Turning my head to the side, I see Kash standing there as he wrings his hands together in front of him. He’s nervous and there’s no reason I can think of that he’d be nervous about asking me if he can join me. I’m not the one that’s avoided him for the last almost nine years. He’s the one with the rest of the guys who have been avoiding me and cutting me out of their lives. There’s no reason he can’t join me because he essentially rules this campus with the rest of the guys.
“You can do anything you want, Kash. You know this as well as I do,” I answer him, trying to keep my focus on the book in my lap as I take a bite of my pizza.
“I don’t want to make you uncomfortable, Song Bird. If you want to be alone, I’ll leave you alone. I don’t ever want to force you to do anythin’ you don’t want to. So, if you tell me to go away, I’ll leave,” he states, not taking any steps to move closer to me or sit down. For the first time in a very long time, Kash is unsure of himself and it makes him appear to be more human than ever before.

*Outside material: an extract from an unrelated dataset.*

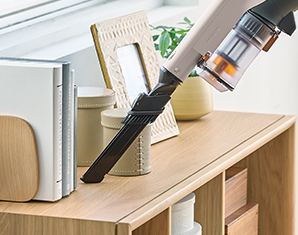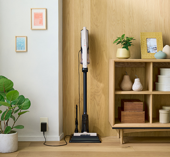 *1 【試験方法】人毛(長さ約30cm)0.25gを3畳のフローリングにランダムにまき、強運転で吸引する。これを10サイクル行う。【試験結果】回転部のブラシへのからみつく毛量(からみ質量比)が1サイクルにつき5%以下。

“You can join me, Kash. I mean, I have to get used to spending time with you if we’re supposed to be going through with everything,” I tell him, closing the book I haven’t read a single line in since opening it up after removing it from my bag.
Kash takes a seat on the ground next to me. He doesn’t sit too close to me as he places his bag in front of him and pulls a piece of grass from the ground in front of him. I watch him as he twirls it between his hands and doesn’t say anything right away. I’m unsure how to even begin with a conversation with her about what we have going on between us.